I’ve been exploring various AI tools, mostly as a hobby with a few professional POCs mixed, for almost a decade now and the technology has been through tons of ups and downs, but the volatility due to the flood of everyone trying to get in on the AI game from the last few years has been something different. With the fear of getting left behind driving a lot of tools entering the market, the promises have often failed to deliver.

However, thanks to the wonderful work from the folks over at Hugging Face and their library of AI models, datasets, and their open-source libraries, taking the first steps into the craziness that is the AI world, has been a much, much better experience and a little less overwhelming.

And, I’m here to share that knowledge with you. I’ll walk you through creating an AI chatbot backed by whatever model you want from Hugging Face. Then, you’ll be able to demo different models, learn a tiny bit about the AI behind the scenes, and have the foundation to launch from there or take it further and customize to your liking. Let’s get started!

Prereqs

This guide will be working in python due to the ubiquity of its use in AI/ML/Data Science, but you should also be aware that there are ways that you can connect what we’ll build to other languages and frameworks, but the details are for another article.

If you’re already familiar with pip and virtual environments feel free to skip ahead to the next section.

If you’re not familiar, then here’s just a quick primer on pip and virtual environments. 

  • pip is the package manager that’s shipped with modern python3 and will be used in this guide
  • virtual environments are similar to VM’s (virtual machines) as it creates an isolated, well, environment for python and dependencies like python packages. It’s not strictly necessary to use, but highly recommended for this. It helps protect your application and its dependencies from breaking as well as protecting external systems and applications that have python or package dependencies. 

That’s all you need to know and you can skip the next section if you want, otherwise, continue reading for a little deeper explanation of pip and virtual environments in python.

Precursor: Pip and Python virtual environments

PyPi, or more often referred to as just pip due to how it’s invoked from the command line, is python’s package manager just like npm/yarn/pnpm/and the seemingly 1800 other package managers for Node.js, Maven/Gradle for Java, nuget for .NET,  Composer for php, Cargo for Rust, vcpkg/Conan/Xrepo/Hunter for C and C++, CocoaPods for Objective-C/Swift…I’m sure you get the point (and no offense to those not listed, this is just an illustrative example pulled from the top of my head at the time of writing this). conda is also commonly used with python, but for this article we’ll stick with pip as it’s shipped with modern python3.

Much like docker containers or vms, virtual environments are a way to create an isolated environment for a particular python project. The latest versions of python3 even ship with venv, a tool to create them.
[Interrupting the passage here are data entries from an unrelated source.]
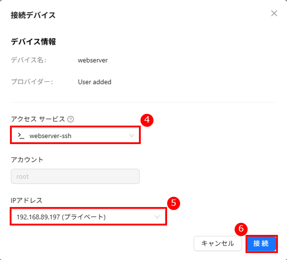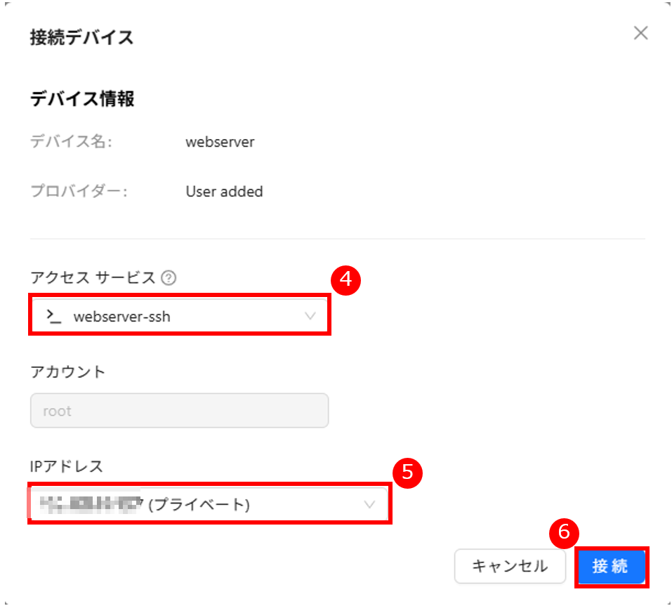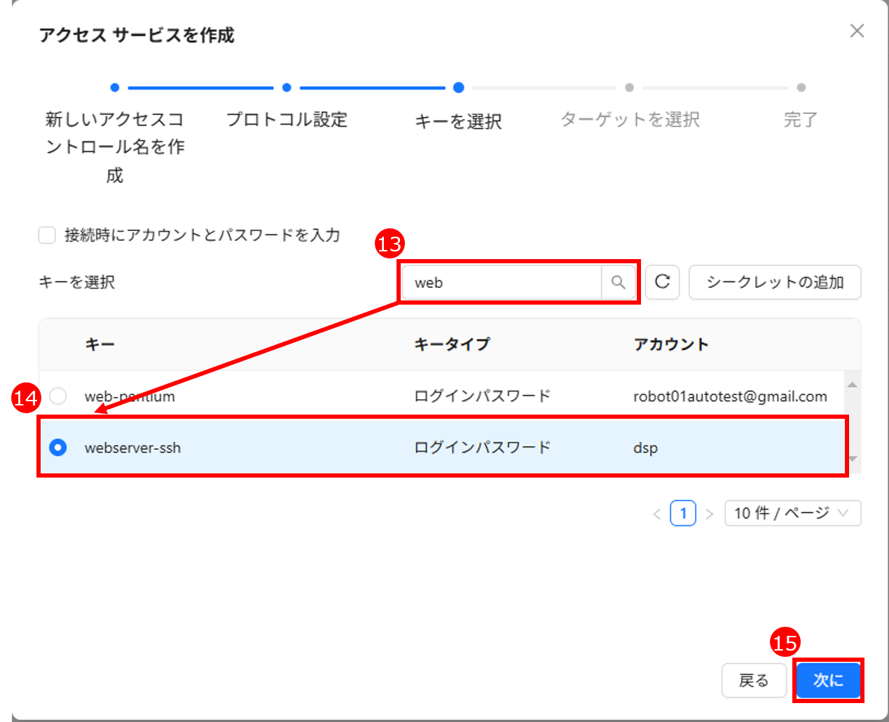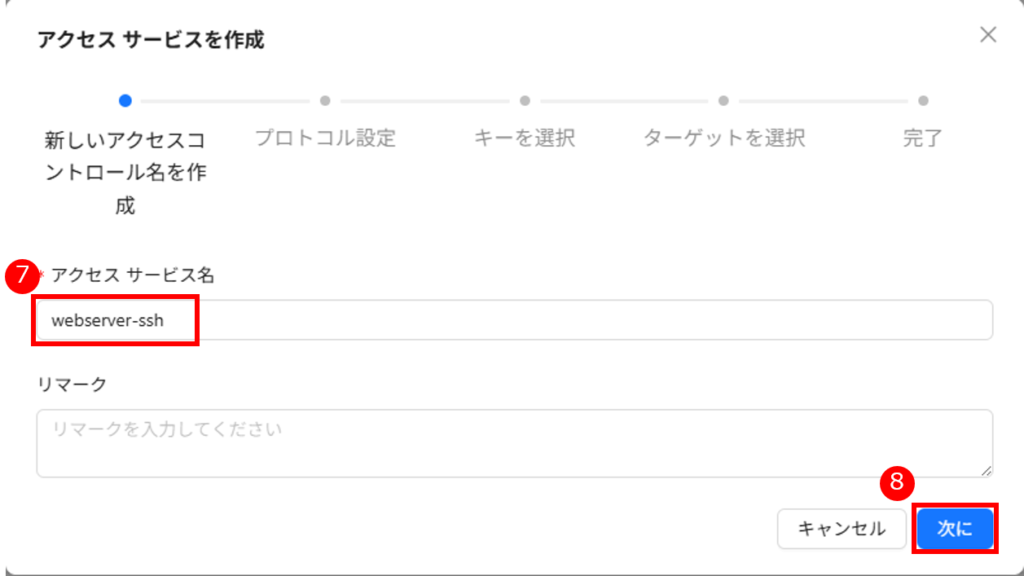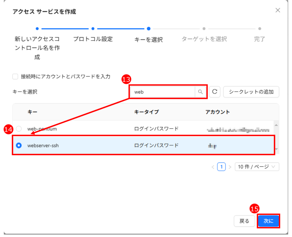 「アクセスサービス」は、サーバーのログイン「アカウント/パスワード」または「アカウント/SSH 鍵」および接続プロトコルなどの情報を記録します。
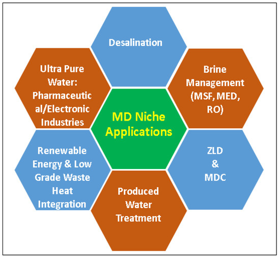 Apart from seawater desalination, there are several applications where MD process can be used in the reclamation of freshwater. Brine management or brine treatment is one among them in which the MD process can be integrated with conventional desalination plants such as MSF, MED, and RO, and use brine from these plants to extract freshwater. Since MD can operate at very high salinity, the industry could avail the benefit of the MD process to reduce the brine volume and reduce the difficulties in brine disposal. MD can even be applied for zero liquid discharge (ZLD) or minimum liquid discharge (MLD) process and recover the valuable minerals in the brine using a process known as membrane distillation crystallization (MDC). A huge volume of wastewater is generated every day in the oil and gas industry. Treating this produced water is a possible niche application of the MD process. MD process could reject almost 100% salts and nonvolatile contaminants and produce ultrapure water for pharmaceutical and electronic industries. Niche applications of the MD process can be demonstrated as shown in Figure 10 [122,123].
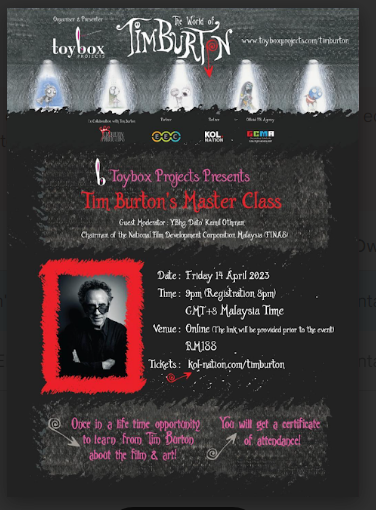 Fans, film enthusiasts, and visitors from all walks of life can enjoy this once-in-a-lifetime opportunity to learn from Tim Burton this 14 April 2023 (Friday) from 9.00 p.m. (GMT+8 Malaysia time) onwards, for only RM188 per person. Additionally, as a token of appreciation, those attending will receive an exclusive digital certificate after the masterclass.
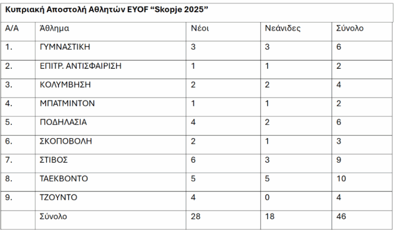 Η αποστολή της Κυπριακής Ολυμπιακής Επιτροπής αναχωρεί αύριο (19/07) για τη Βόρεια Μακεδονία ενόψει του 17ου Ευρωπαϊκού Ολυμπιακού Φεστιβάλ Νέων (EYOF). Η φετινή διοργάνωση θα διεξαχθεί στα Σκοπιά από τις 20 μέχρι τις 26 Ιουλίου 2025. Στη διοργάνωση θα συμμετέχουν 4000 αθλητές από 48 χώρες.
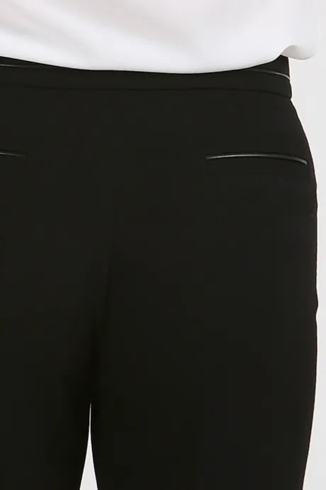 Черный цвет универсален в выборе сочетаний, поэтому брючки «Астория» можно комбинировать с верхом абсолютно любых цветов. Наденьте со стильной зауженной к низу моделью нежную тунику лавандового или мятного оттенка, чтобы получить легкий, свежий образ. Включите в офисный ансамбль блузы кремовых, бежевых, коралловых или персиковых тонов, чтобы выглядеть утонченнее. Хорошей парой к строгому темному цвету станет благородный винный, насыщенный изумрудный или теплый оранжевый. Удобная средняя посадка позволяет носить рубашки навыпуск или заправлять в брюки. Воспользуйтесь такой возможностью, чтобы подчеркнуть красоту кожаной отделки пояса.

It’s highly recommended to make use of virtual environments for this and when building different applications in python. Virtual environments create an isolated, well, environment which can have its own version of python and python packages. This isolation helps bidirectionally to protect the environment from unintended consequences from changes being made elsewhere as well as unintended consequences externally due to changes within the environment. That was a mouthful of a sentence, but one example that might help illustrate is if you upgrade python without using virtual environments, you might unintentionally break your OS because it relied on some methods that were deprecated in that new version.

And, this isn’t just a made up example as I can confirm from my own personal experience. A lot of Unix-based OS’s (including macOS) have a version of python they depend on and if there happens to be any breaking changes in the new version you change to, it can put your machine in a severely funky state that might require a reinstall to recover from, losing data that wasn’t backed up (again, I can attest to this from personal experience. Lesson learned 😭.).

And, it’s not only python itself but for any other packages that are installed. Virtual environments also help for reproducibility because you can create a sort of recipe for creating that virtual environment and ensure that the circumstances are the same when trying your app out on another machine or at a later time.

Create a virtual environment

Since v3.5 of python, venv is officially recommended by python and bundled with its distributions.

You can create one with the following command:

* you might need to replace python with python3 depending on your system setup as python is sometimes reserved for v2 of python for backwards compatibility. You can check using which python, or equivalent command, and see if it returns a path to python3. This step is okay to use the python that’s already installed, if there is one. Be careful if it doesn’t and you want to alias python to python3 because the OS or other apps might depend on it (though, less common now that v2 python is no longer supported and we’re well into v3 python’s lifecycle).

which python
# OUTPUT:
# OK if... 
# /path/to/bin/python3 or python: aliased to python3
# Wrong python if...
# /path/to/bin/python2 or /path/to/bin/python
python -m venv /path/to/new/virtual/environment

Install required Python packages

There are a few packages that’ll be used by this project, so, after ensuring that the virtual environment is active (if using one), you can install them with pip using the following command:

# source /path/to/new/virtual/environment/bin/activate
# -U means upgrade packages to latest version, and is not strictly necessary
pip install -U torch, transformers, gradio

Building an app with Gradio

Gradio started back in 2020 to provide researchers to quickly demo their AI/ML models and has experienced significant growth over the years, recently reaching over 1 million monthly developers in 2025 using the python library to create all kinds of web apps utilizing AI.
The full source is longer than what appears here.